池馆如画,青荷田田,碧水间有一只离群的野鸭正凄凄惶惶地向前游着,小小身影破开一道深深水痕,向两边荡出片片涟漪。
云皇后的头发被湖风吹得散开,斑斑白发愈加触目惊心,映着碧水清荷的眼底迷离如揉了一池散碎的梦境。
曾经千娇百媚,奈何红颜白发。
再怎样的富贵权势,无上尊荣,终也逃不过生老病死的轮回之路。
“你来啦……”
云皇后并没有回头,却怅然地唤着,显然知道十一回来了。
“母后,这边风大,不宜久坐。”
十一扶向云皇后的肩,只觉这一个月不仅她经历了一场至今不曾步出的生死劫数,就连她至尊至贵的养父母都已被命运卷入难测的转角处,前路艰涩。

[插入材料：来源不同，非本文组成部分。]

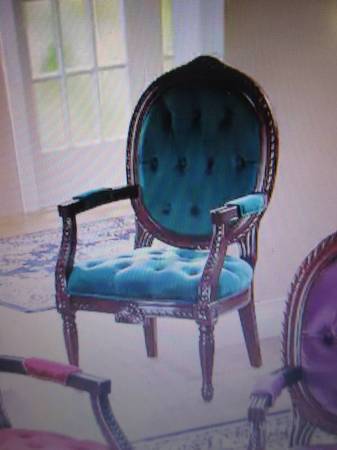 Hand-Carved "Venetian" Accent Chair. -----BRAND NEW, open box Retail $229.95 ----- EZ Assembly required. (YOU WILL NEED TO FIND A COUPLE BOLTS FOR THE GREEN ONE ----- I ALSO HAVE THE RED ONE, WITH NO ARMS FOR $60 ---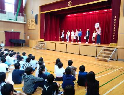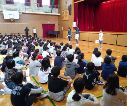 令和初の児童集会がありました。6年生の代表が全校児童に、児童会活動の各委員会紹介と、活動内容を発表しました。発表者は緊張しながらも、しっかりと、分かりやすく伝えていました。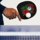 Fågel på en röd bukett pingisracket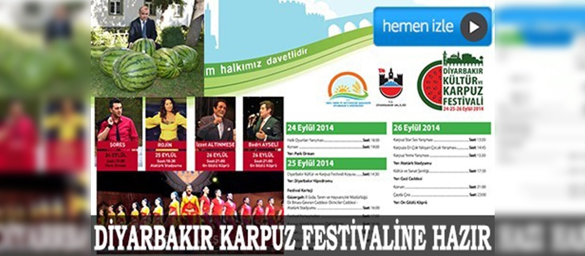 Gıda Tarım ve Hayvancılık Bakanlığınca Diyarbakır karpuzunun tanıtılması ve üreticisinin desteklenmesi amacıyla 24-26 Eylül'de düzenlenecek "Kültür ve Karpuz Festivali", Park Orman'da 11 ilin katılacağı halk oyunları yarışmasıyla açılacak.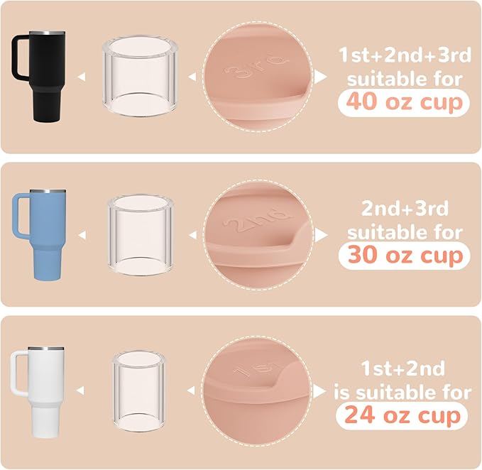 3 SIZES OF ICE CUBE MOULDS: Our silicone ice cube trays for Stanley cups make 3 different sizes of hollow cylinder ice cubes, perfect for Stanley 24-40 oz. nonpareils. You can adjust the combination of ice cubes according to the size of the nonpareil: 1st + 2nd for 24 oz cups; 2nd + 3rd for 30 oz cups; 1st + 2nd + 3rd for 40 oz cups;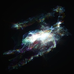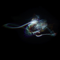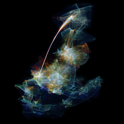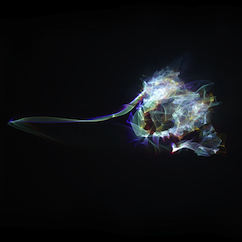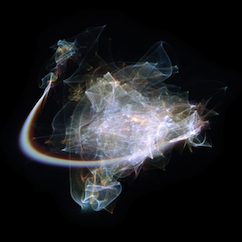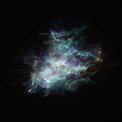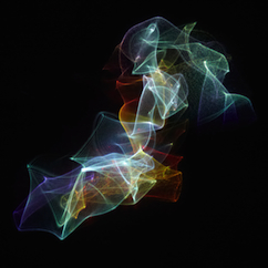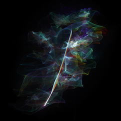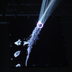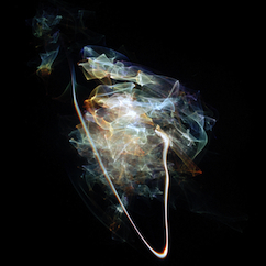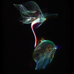 A strong multispectral laser beam points at a black reflective plate of plastic hanging from the ceiling. Most of the light is absorbed and turned into heat. These thermal forces slowly deform the plate's surface and are adding more and more ripples and curvatures to it. A small part is reflected back to a white screen on the opposite side of the room and the heat-induced deformations become visible as large and complex visual patterns.

云皇后这才抬眼看向十一,留心到她的神色,怔了怔方问道:“这一路很辛苦?瘦成这样。听闻韩天遥回京,我原就想着你也该回宫了!”
十一坐到她身侧,低声道:“颜儿不肖,让母后担忧了!”
云皇后神思不属,竟没有细问她北境之事,恍惚片刻便说道:“你见过皇上了吧?精神越发不济了……”

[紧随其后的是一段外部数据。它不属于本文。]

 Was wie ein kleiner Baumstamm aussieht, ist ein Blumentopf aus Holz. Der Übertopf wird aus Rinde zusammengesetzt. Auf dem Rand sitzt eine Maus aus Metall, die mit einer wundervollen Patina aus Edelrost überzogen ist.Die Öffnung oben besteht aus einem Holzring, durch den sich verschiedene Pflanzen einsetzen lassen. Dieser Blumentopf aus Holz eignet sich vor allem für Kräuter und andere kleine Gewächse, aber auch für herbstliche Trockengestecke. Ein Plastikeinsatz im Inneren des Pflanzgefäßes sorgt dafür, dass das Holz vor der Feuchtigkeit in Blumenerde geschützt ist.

十一沉默片刻,说道:“生死由命,富贵在天,如今且尽人事吧!母后也需少些思虑,多多保重自己才好。”
云皇后道:“我活了这一世,就不晓得什么是少些思虑。我不是柳良缕那样的大家闺秀,从娘家到夫家,都被视同拱璧,捧在手心里还怕她会磕着碰着……到她死去多少年,也被人牢牢记在心头,至死不忘。虽算不得长寿,但也不枉来这世上走一遭了!”
想来楚帝近来昏愦之际,必定常像刚才那样念起柳皇后,云皇后才会如此灰心沮丧。
她叹道:“皇上常夸我多才,又嫌我霸道狠决,说我事事不肯容人,赞他的良缕从来不争,是温良贤淑的典范。可他就不曾想过,柳良缕不争,是因为她根本不需要争。她有强大的母族,有厉害的哥哥,又有爱她入骨的夫婿,一入宫就是三千宠爱于一身的正宫皇后,还需争什么?而我呢?我什么都没有。”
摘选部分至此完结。